Start of Block
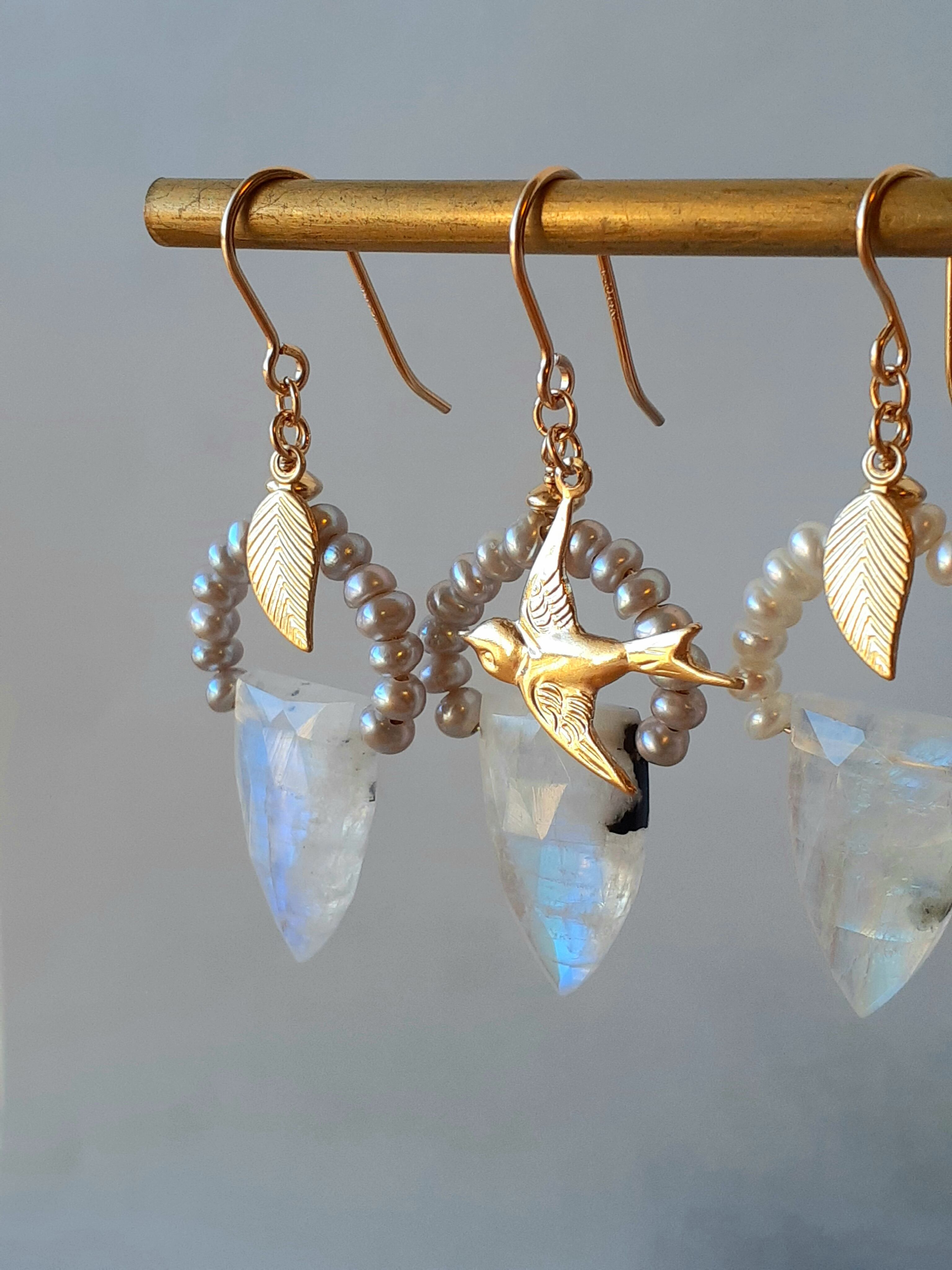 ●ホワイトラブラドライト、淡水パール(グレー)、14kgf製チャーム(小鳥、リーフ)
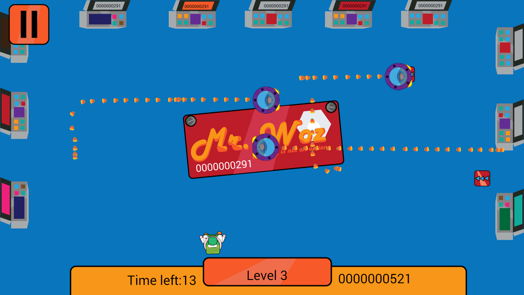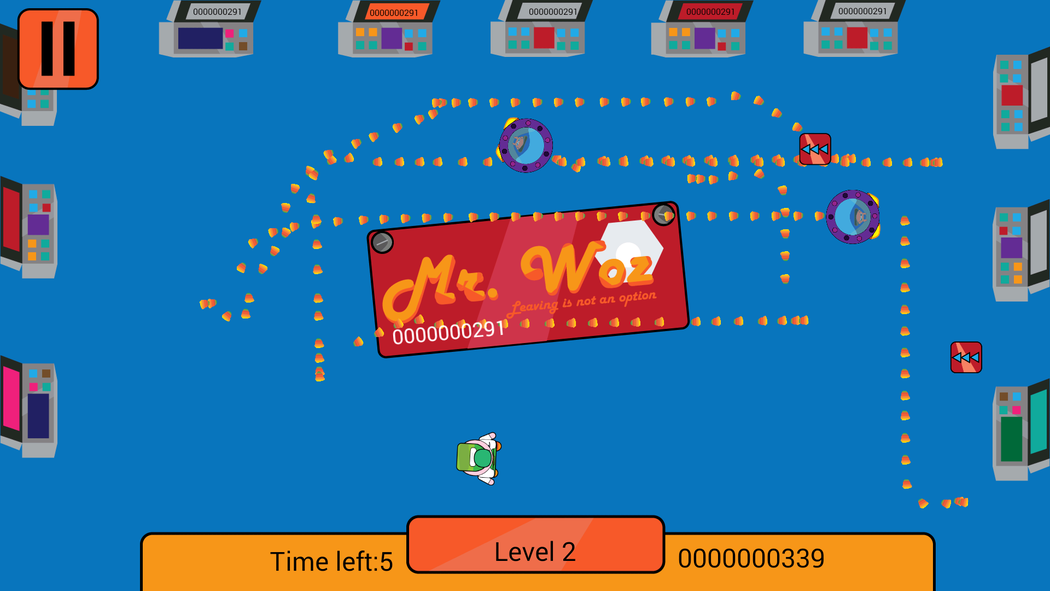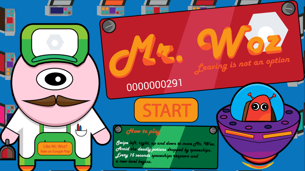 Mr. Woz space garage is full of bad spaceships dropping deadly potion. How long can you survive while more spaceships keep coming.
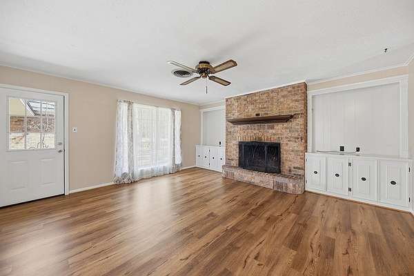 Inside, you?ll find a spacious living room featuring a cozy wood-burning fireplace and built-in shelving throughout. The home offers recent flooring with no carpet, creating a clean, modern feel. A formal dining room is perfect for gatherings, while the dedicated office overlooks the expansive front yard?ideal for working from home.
End of Block
• _WHAT TO WORK ON_: Transcribe the listing verbatim, pictures excluded.

• _TASK OUTPUT_:
 ●ホワイトラブラドライト、淡水パール(グレー)、14kgf製チャーム(小鳥、リーフ)
 Mr. Woz space garage is full of bad spaceships dropping deadly potion. How long can you survive while more spaceships keep coming.
 Inside, you?ll find a spacious living room featuring a cozy wood-burning fireplace and built-in shelving throughout. The home offers recent flooring with no carpet, creating a clean, modern feel. A formal dining room is perfect for gatherings, while the dedicated office overlooks the expansive front yard?ideal for working from home.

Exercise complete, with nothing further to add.